As a practical matter, I suspect that the scheme proposed wouldn't have advantages over a careful use of HTM.

I also suspect that the "lock two cachelines" thing is harder to implement than it sounds. The way Intel implements atomic operations that span cachelines now involves waiting for a interconnect quiescence period (taking O(microseconds)). What's proposed here is strictly more general.

1 comments

pizlonator 3657 days ago

Disabling interrupts prevents you from using interrupt-unsafe logic inside the critical section, which is impractical in most cases. It would mean, for example, that you wouldn't be able to touch memory that had been swapped. It also doesn't actually improve performance. When people do this, it's because they want to edit process-local data structures. Unless you're in kernel, you probably don't want this.

As a practical matter, HTM is dead. It's 2x slower than locking in the common cases: uncontended critical section or contended critical section that has a race. It also prevents you from doing effects outside of memory (it's just guaranteed to revert to locks in that case, so you pay all of the overhead of HTM and all of the overhead of locks).

Interesting about the difficulty of locking two cache lines. To me the important thing to keep in mind when talking about concurrency alternatives to the status quo is: nobody has proved that contended-but-not-racy critical sections are common. According to my data, they are unicorns. This means that from a performance standpoint, any proposed concurrency protocol that is different from locking must justify how it plans to beat locks on the two things that they are super good at, which are uncontended critical sections (with locks you pay one or two CASes on cache lines you probably already own) and contended-and-racy critical sections (with locks you pay for some CASes but the lock will make threads contend as quietly as possible to allow the lock owner to proceed quickly). If a proposal is worse than locks on the two most common kinds of critical sections, then that's silly. AFAICT, all of these trasactions-or-better-CAS approaches would only help in the case of contended-but-not-racy critical sections, which are too rare to matter. The two cache line thing definitely sounds like it will be more expensive than locking in the uncontended case, and I don't see how it will help in the contended-but-racy case.

EDIT: I said "contended-but-racy" when I meant "contended-but-not-racy" in one place, above. Fixed.

link

davidtgoldblatt 3657 days ago

> Disabling interrupts prevents you from using interrupt-unsafe logic inside the critical section, which is impractical in most cases. It would mean, for example, that you wouldn't be able to touch memory that had been swapped.

Presumably the semantics of the "lock these two cachelines" instruction trap when one of the cachelines you're trying to lock isn't present, rather than when you perform an operation on that cacheline subsequent to the locking.

> It also doesn't actually improve performance. When people do this, it's because they want to edit process-local data structures. Unless you're in kernel, you probably don't want this.

I don't totally follow; off the top of my head, lock-free reference counting and doubly-linked list removal both get significantly simpler.

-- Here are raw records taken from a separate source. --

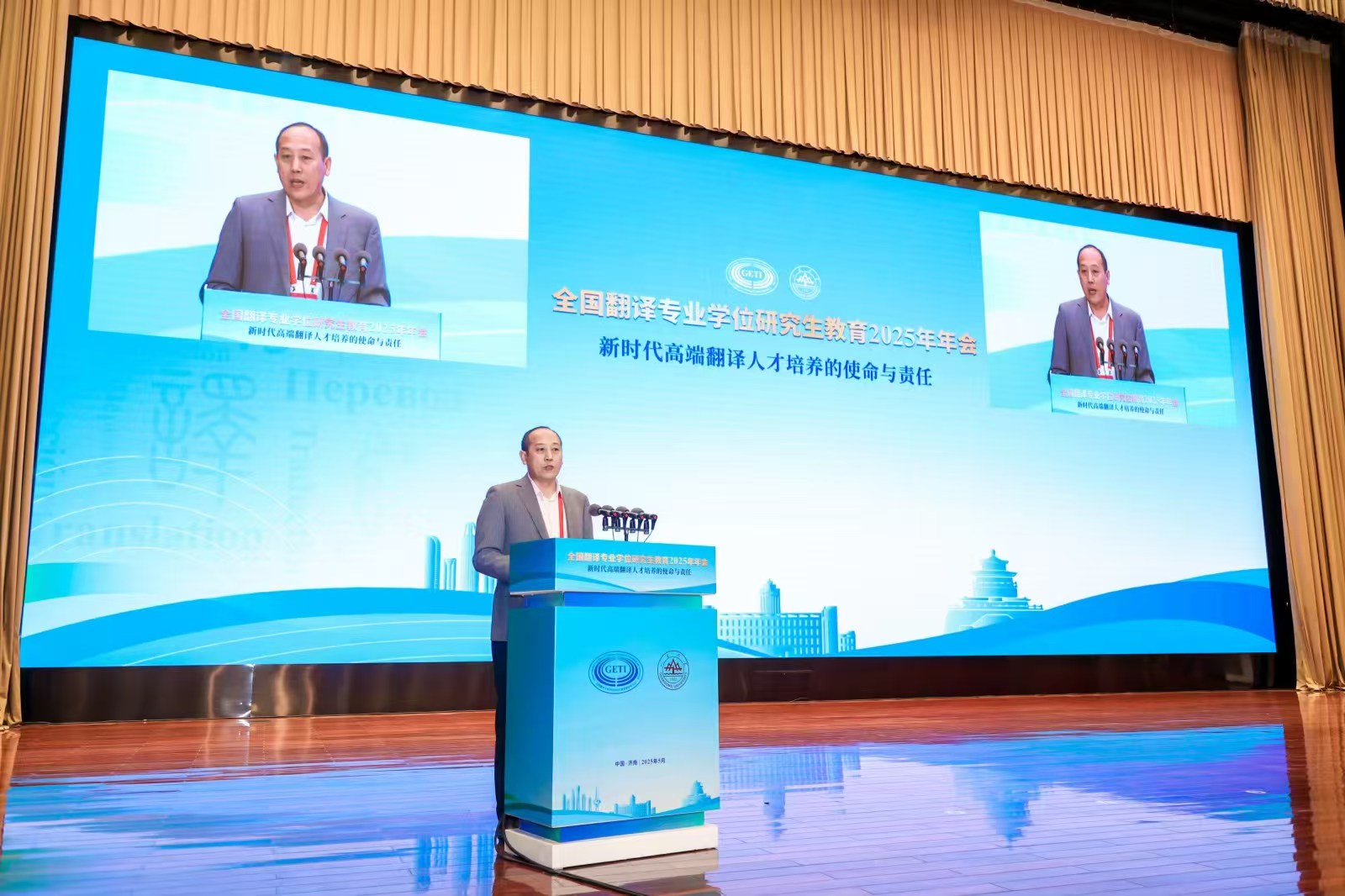 2025年5月17日-18日,全国翻译专业学位研究生教育2025年年会在济南召开。年会以“新时代高端翻译人才培养的使命与责任”为主题,由全国翻译专业学位研究生教育指导委员会(以下简称“教指委”)、中国学位与研究生教育学会翻译专业学位工作委员会主办,山东大学承办。教指委委员、专家委员和全国翻译专业院校代表 600 余人参会。Beat365官网德语系主任、全国翻译专业学位研究生教指委专委会委员綦甲福教授和副院长曹杉参会。
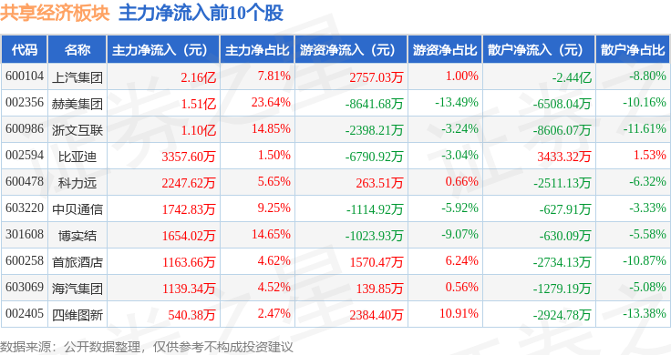 从资金流向上来看,当日共享经济板块主力资金净流入2.93亿元,游资资金净流出4846.71万元,散户资金净流出2.44亿元。共享经济板块个股资金流向见下表: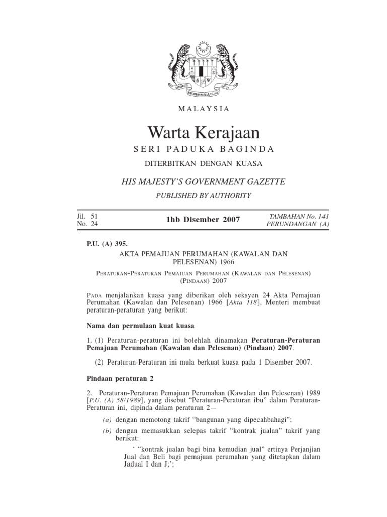 Jabatan perumahan negara ada kemaskini senarai pemaju perumahan bermasalah. Tajuk panjang suatu akta untuk mengadakan peruntukan bagi kawalan dan pelesenan urusan pemajuan perumahan di semenanjung malaysia. Akta konvensyen mengenai penyelesaian pertikaian pelaburan 1966. Akta pemajuan perumahan pdfakta pemajuan perumahan pdf. Rm no star yet, give yours!.

There's lots of algorithms that get much less complicated and dodge more atomic ops if you have access to CAS-2, and this is strictly more powerful.

To be clear, I don't think this instruction is a good idea; I just don't think it's obviously bad.

> As a practical matter, HTM is dead. It's 2x slower than locking in the common cases: uncontended critical section or contended critical section that has a race. It also prevents you from doing effects outside of memory (it's just guaranteed to revert to locks in that case, so you pay all of the overhead of HTM and all of the overhead of locks).

HTM is already showing wins in some domains, and it's only going to get faster relative to other concurrency primitives.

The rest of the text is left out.